*WORK TASK:*
Below are records with pictures. Transcribe exactly, and only, the lines from the line with "Автомобиль получил солидное" to the line with "Acesta este compartimentat", both ends included, but not the pictures.
EXCERPTED RECORDS START
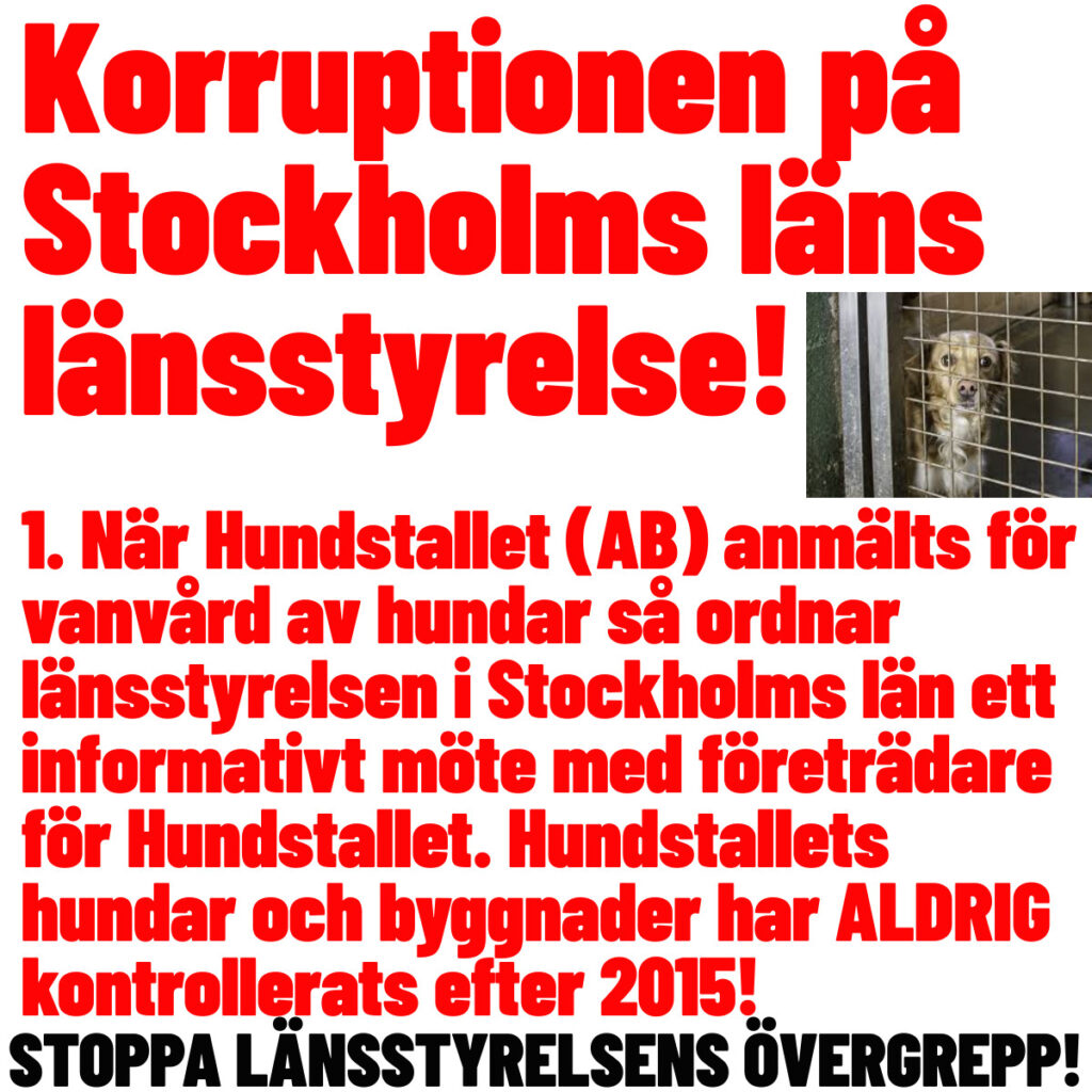Vi har tidigare redovisat korruptionen och jävssituationen mellan djurskyddsenheten på Stockholms läns länsstyrelse och Hundstallet (AB) som de har uppstallningsavtal med. Exempel på utövandet är att:
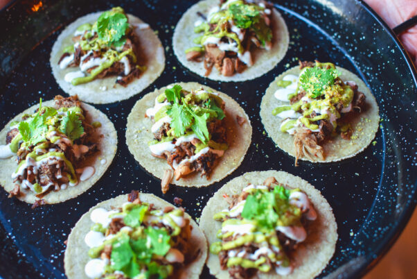 We had two rules: The food must be amazingly good, and there must be tacos! Many caterers either offered vegan menus or were willing to work with us to create one, and several of our favorite restaurants provided catering, too. In LA, we selected Todo Verde and its jackfruit tacos with cashew crema, oyster mushrooms en mole, semilla salad with fresh strawberries, and coctél de oyster mushrooms. Back home in PA, Ladyfingers Catering served more tacos with creative veggie sides and vegan mac ’n’ cheese.
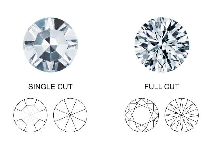 シングルカットとは、58面フルカットよりも面数が少なく(カシケイでは17面)、一つひとつのファセットが大きくなるので輝きがはっきりするオールドカットの一種です。カシケイは、このシングルカットにも新たな輝きを求めました。
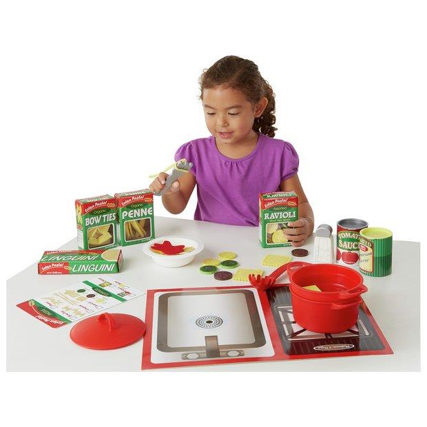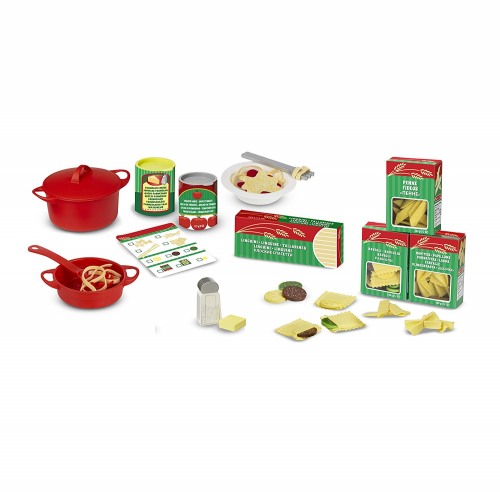 Prepare perfect pretend pasta every time with this 50-plus-piece pasta-making set! Fun pasta boxes hold felt penne, bow tie pasta, linguini, and ravioli pockets that can be hand-stuffed with felt spinach, meat, or cheese fillings. Follow the illustrated guide to order and "cook" the pasta in the large cook pot with lid, and "strain" it in the colander (the box doubles as a cook top and a sink!). Use the pasta spoon to scoop into the included pasta bowl, top with tomato sauce, cheese, or, butter toppings, and dig in! The set also includes a sauce jar, cheese shaker, salt shaker, and fork. This inventive set lets kids create countless imaginative pasta meals from start to finish!
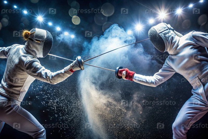 Фехтовальщики на арене с рапирами в руках во время тренировок дерутся в дуэли. Спортивное фехтование. Фехтование является типом летних Олимпийских игр
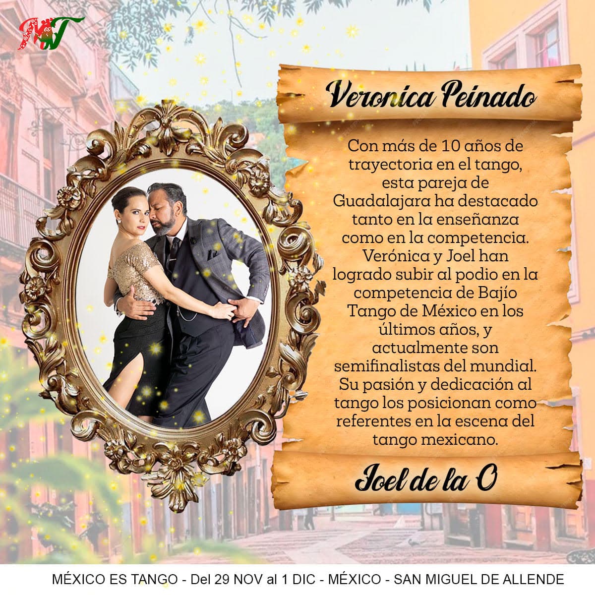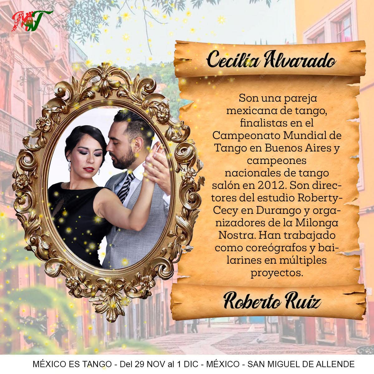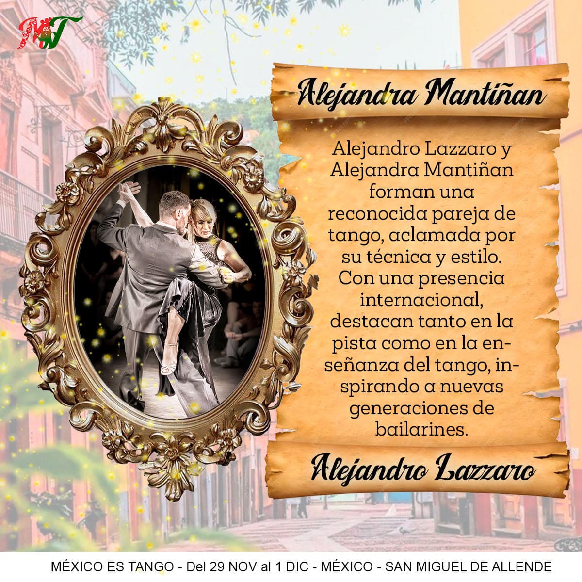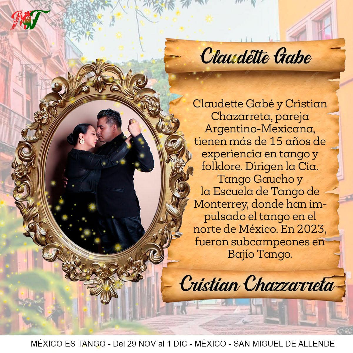 Enjoy master classes with renowned teachers such as Alejandra Martiñan and Alejandro Lazzaro, along with Mexican couples Claudette Gabe and Cristian Chazzarreta, Verónica Peinado and Joel de la O, and Cecilia Alvarado and Roberto Ruiz. Prepare to be dazzled by spectacular shows, guided practices, and unforgettable milongas under the colonial charm of San Miguel de Allende.
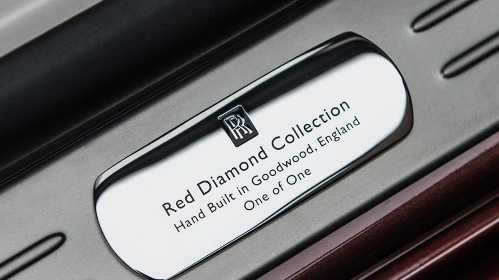 Автомобиль получил солидное название Ghost Red Diamond. Дело в том, что бриллиантов в отделке аж 41 – драгоценные дорожки появились на передней панели и дверных картах. В вдогонку к этому интерьер седана украсили щедрой порцией дерева и кожей плюс опознавательными табличками на дверных порогах, говорящих о ручной сборке и статусе уникального авто.
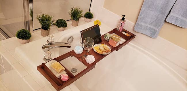 Not only is it size adjustable to accommodate different tubs, it comes equipped with a wineglass holder, edges that safely prop up a book or tablet, a candleholder, and extra space for whatever else their cozy heart desires.
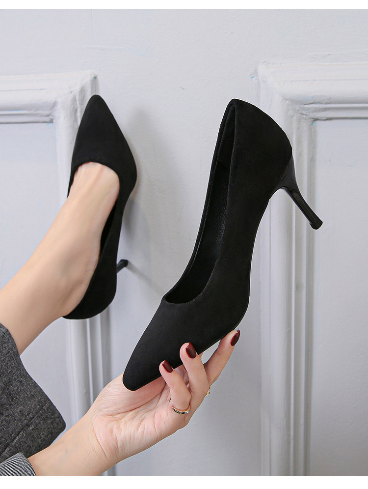 Черные туфли на высоком каблуке на высоком каблуке, замшевый пиджак классического кроя для школьников
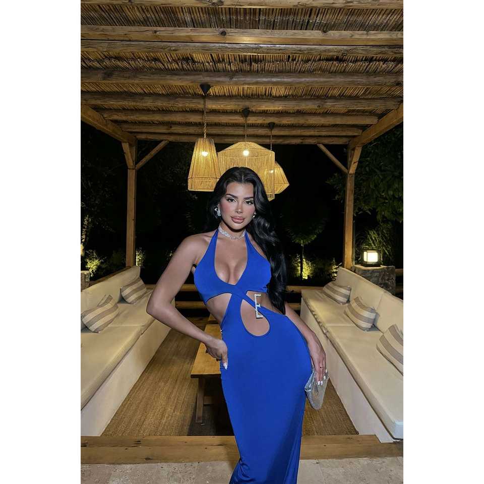 Ristella White Evening Dress Halter Neck with Stone Embroidery Long Length
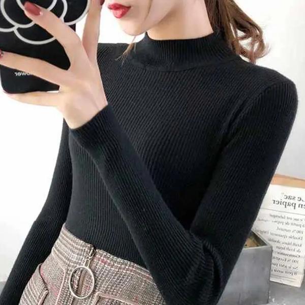 秋冬モックネック女性セーターヴィンテージベーシック固体ニットトップスカジュアルスリムプルオーバー韓国セーターシンプルシックなジャンパー
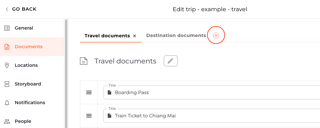 Here, you can either upload an Application under your existing Travel/Destination documents or upload it under a new Document Section to have it display as its own homescreen icon.
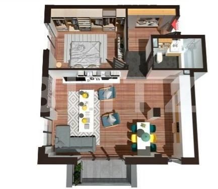 Acesta este compartimentat astfel: 1 living spatios open space cu bucataria în care puteti petrece clipe memorabile împreună cu familia și prietenii cu iesire pe balcon, 1 dormitor, 1 baie si 1 hol.
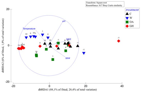 Distance-based redundancy analysis (dbRDA) plot of the distance-based linear model of the pH and temperature measurements and the concentrations of nitrate (NO3-) and ammonium (NH4+) fitted to the bacterial community composition (genus level). The length and direction of the vectors indicate their relative strength and direction of relationship in the ordination plot, respectively. Community similarity was calculated via the Bray–Curtis index after a square–root transformation of the bacterial genera read counts. The samples are presented based on the mesocosm treatment (symbols) and experimental day (numbers above symbols). For the treatment abbreviations, please refer to Figure 1.
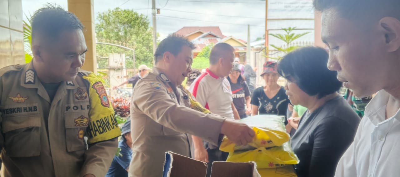 2.000 Kg Beras Ludes! Warga Langowan Berebut di Gerakan Pangan Murah Polres Minahasa
EXCERPTED RECORDS END
*SOLUTION FOR THIS TASK:*
 Автомобиль получил солидное название Ghost Red Diamond. Дело в том, что бриллиантов в отделке аж 41 – драгоценные дорожки появились на передней панели и дверных картах. В вдогонку к этому интерьер седана украсили щедрой порцией дерева и кожей плюс опознавательными табличками на дверных порогах, говорящих о ручной сборке и статусе уникального авто.
 Not only is it size adjustable to accommodate different tubs, it comes equipped with a wineglass holder, edges that safely prop up a book or tablet, a candleholder, and extra space for whatever else their cozy heart desires.
 Черные туфли на высоком каблуке на высоком каблуке, замшевый пиджак классического кроя для школьников
 Ristella White Evening Dress Halter Neck with Stone Embroidery Long Length
 秋冬モックネック女性セーターヴィンテージベーシック固体ニットトップスカジュアルスリムプルオーバー韓国セーターシンプルシックなジャンパー
 Here, you can either upload an Application under your existing Travel/Destination documents or upload it under a new Document Section to have it display as its own homescreen icon.
 Acesta este compartimentat astfel: 1 living spatios open space cu bucataria în care puteti petrece clipe memorabile împreună cu familia și prietenii cu iesire pe balcon, 1 dormitor, 1 baie si 1 hol.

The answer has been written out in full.